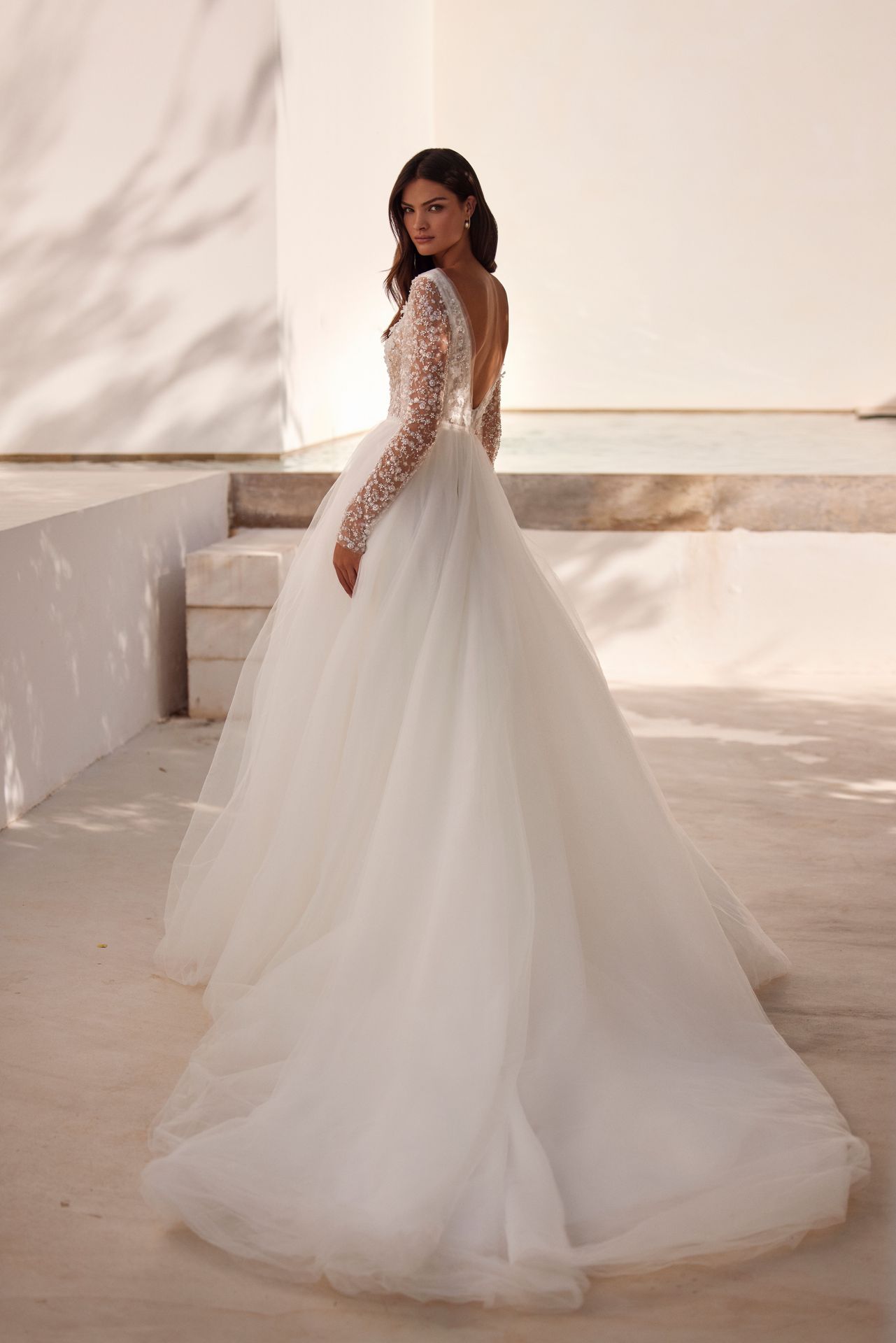 Enchanting A-line wedding gown with a sheer effect for maximum appeal delicately sprinkled with flower lace applique. Featuring a plunging V-neckline, sheer long sleeves, an open back, and a puffy princess tulle skirt with a long train.
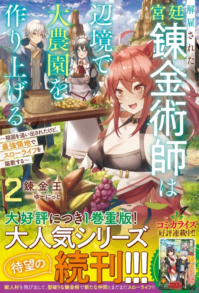 【あらすじ】 宮廷を解雇され、辺境の獣人村で農園を始めた錬金術師のイサギ。イサギの作物は獣人から大人気になり、鮮やかな野菜がずらりと並ぶ販売所や収穫した野菜を使った料理を提供するカフェを開くことに。そんなある日、獣王・ライオネルから「砂漠に農園を作ってほしい」と驚きの依頼が舞い込む。さらに、サポート役は獣王国の第一王女・レギナで…!? 砂漠に住む彩鳥族と水源を探したり、猫獣人メイドのメルシアと品種改良を進めたり、ときには宴を開いておいしいものを食べたりしながら、イサギの錬金術で砂漠の動植物や魔物の生態を解明! ついに荒れ果てた砂漠の地で農作物の収穫に成功する。一方、イサギの追放により作業が追い付かなくなった帝国では何やら怪しい動きが起こっているようで…。拠点を移してさらににぎやかになった一行は、まだまだ農耕スローライフを満喫中!
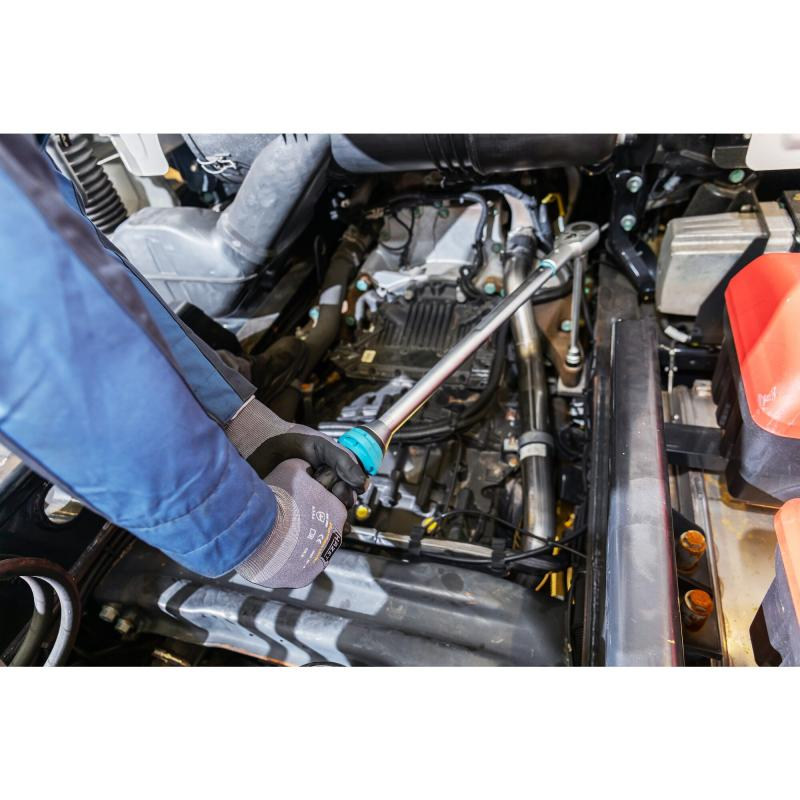 - Thanks to the possibility of using 12.5 mm (1⁄2″) sockets/extensions, torque-controlled screw connections of 100 to 400 Nm can now also be operated in all manual and industrial production areas, e.g. with threads of M12 to M16 (property class 12.9) or M16 to M24 (property class 5.6) with restricted access, e.g. for flange or machine screw connections
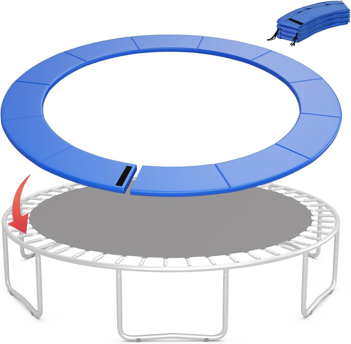 Tailored for 8ft/10ft/12ft/14ft/15ft/16ft trampolines, our pad ensures a perfect fit. Crafted from premium materials like PVC, EPE foam, and PE, it can cover the exposed trampoline springs and provide effective cushioning for users. Plus, our upgraded open end with hook and loop fastener makes installation a breeze. You can install it without removing the trampoline net and mat, saving you time and effort. What’s more, the elastic straps will fasten the pad in place without moving. So why wait? Seize this fantastic chance to enhance your trampoline experience and make every bounce a joyous memory for your family and kids!
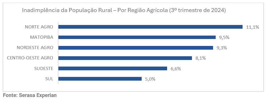 De acordo com os dados, a região “Norte Agro” – que abrange a região Norte do Brasil com exceção de Rondônia e Tocantins, além de incluir o Noroeste de Maranhão – registrou o maior índice de inadimplência no terceiro trimestre de 2024, marcando 11,1%. Por outro lado, a região Sul teve o menor percentual, de 5,0%.
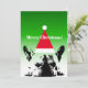 Esta design apresenta o Natal de um buldogue francês, floco de neve no chão e neve desfocada em fundo vermelho e verde.
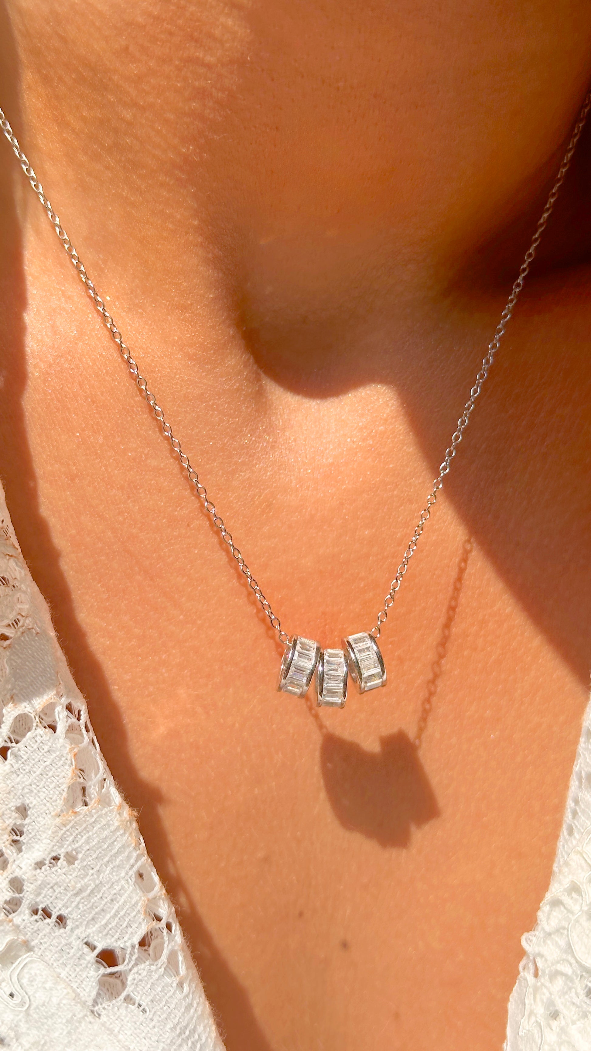 Colar Zircônia Branca com 3 Pingentes Baguete - Prata 925 com Banho de Ródio Branco.
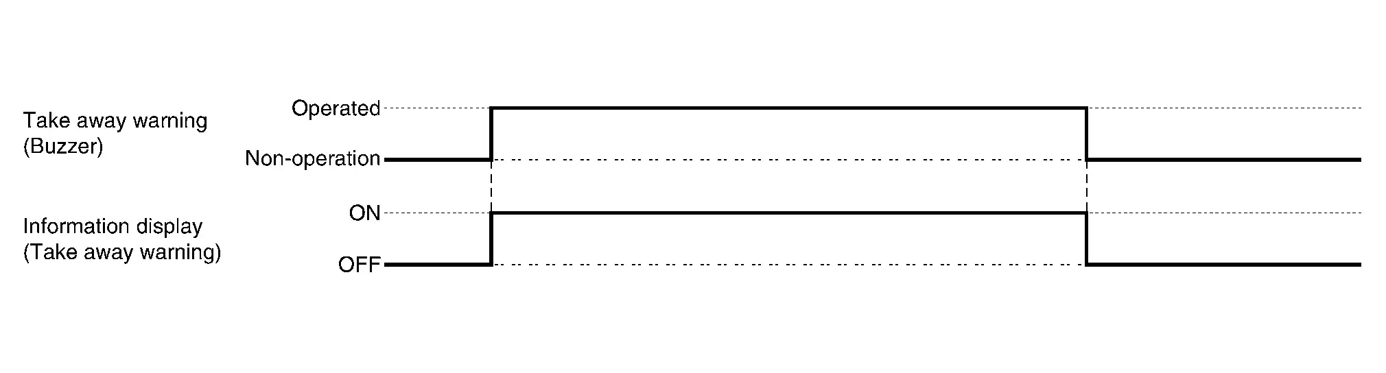 Intelligent Key unit transmits meter display signal to combination meter via CAN communication, when take away warning (buzzer) is operated.

**To do:**
Because pictures are not wanted, give every entry above again exactly without them.

**Exercise answer:**
 Enchanting A-line wedding gown with a sheer effect for maximum appeal delicately sprinkled with flower lace applique. Featuring a plunging V-neckline, sheer long sleeves, an open back, and a puffy princess tulle skirt with a long train.
 【あらすじ】 宮廷を解雇され、辺境の獣人村で農園を始めた錬金術師のイサギ。イサギの作物は獣人から大人気になり、鮮やかな野菜がずらりと並ぶ販売所や収穫した野菜を使った料理を提供するカフェを開くことに。そんなある日、獣王・ライオネルから「砂漠に農園を作ってほしい」と驚きの依頼が舞い込む。さらに、サポート役は獣王国の第一王女・レギナで…!? 砂漠に住む彩鳥族と水源を探したり、猫獣人メイドのメルシアと品種改良を進めたり、ときには宴を開いておいしいものを食べたりしながら、イサギの錬金術で砂漠の動植物や魔物の生態を解明! ついに荒れ果てた砂漠の地で農作物の収穫に成功する。一方、イサギの追放により作業が追い付かなくなった帝国では何やら怪しい動きが起こっているようで…。拠点を移してさらににぎやかになった一行は、まだまだ農耕スローライフを満喫中!
 - Thanks to the possibility of using 12.5 mm (1⁄2″) sockets/extensions, torque-controlled screw connections of 100 to 400 Nm can now also be operated in all manual and industrial production areas, e.g. with threads of M12 to M16 (property class 12.9) or M16 to M24 (property class 5.6) with restricted access, e.g. for flange or machine screw connections
 Tailored for 8ft/10ft/12ft/14ft/15ft/16ft trampolines, our pad ensures a perfect fit. Crafted from premium materials like PVC, EPE foam, and PE, it can cover the exposed trampoline springs and provide effective cushioning for users. Plus, our upgraded open end with hook and loop fastener makes installation a breeze. You can install it without removing the trampoline net and mat, saving you time and effort. What’s more, the elastic straps will fasten the pad in place without moving. So why wait? Seize this fantastic chance to enhance your trampoline experience and make every bounce a joyous memory for your family and kids!
 De acordo com os dados, a região “Norte Agro” – que abrange a região Norte do Brasil com exceção de Rondônia e Tocantins, além de incluir o Noroeste de Maranhão – registrou o maior índice de inadimplência no terceiro trimestre de 2024, marcando 11,1%. Por outro lado, a região Sul teve o menor percentual, de 5,0%.
 Esta design apresenta o Natal de um buldogue francês, floco de neve no chão e neve desfocada em fundo vermelho e verde.
 Colar Zircônia Branca com 3 Pingentes Baguete - Prata 925 com Banho de Ródio Branco.
 Intelligent Key unit transmits meter display signal to combination meter via CAN communication, when take away warning (buzzer) is operated.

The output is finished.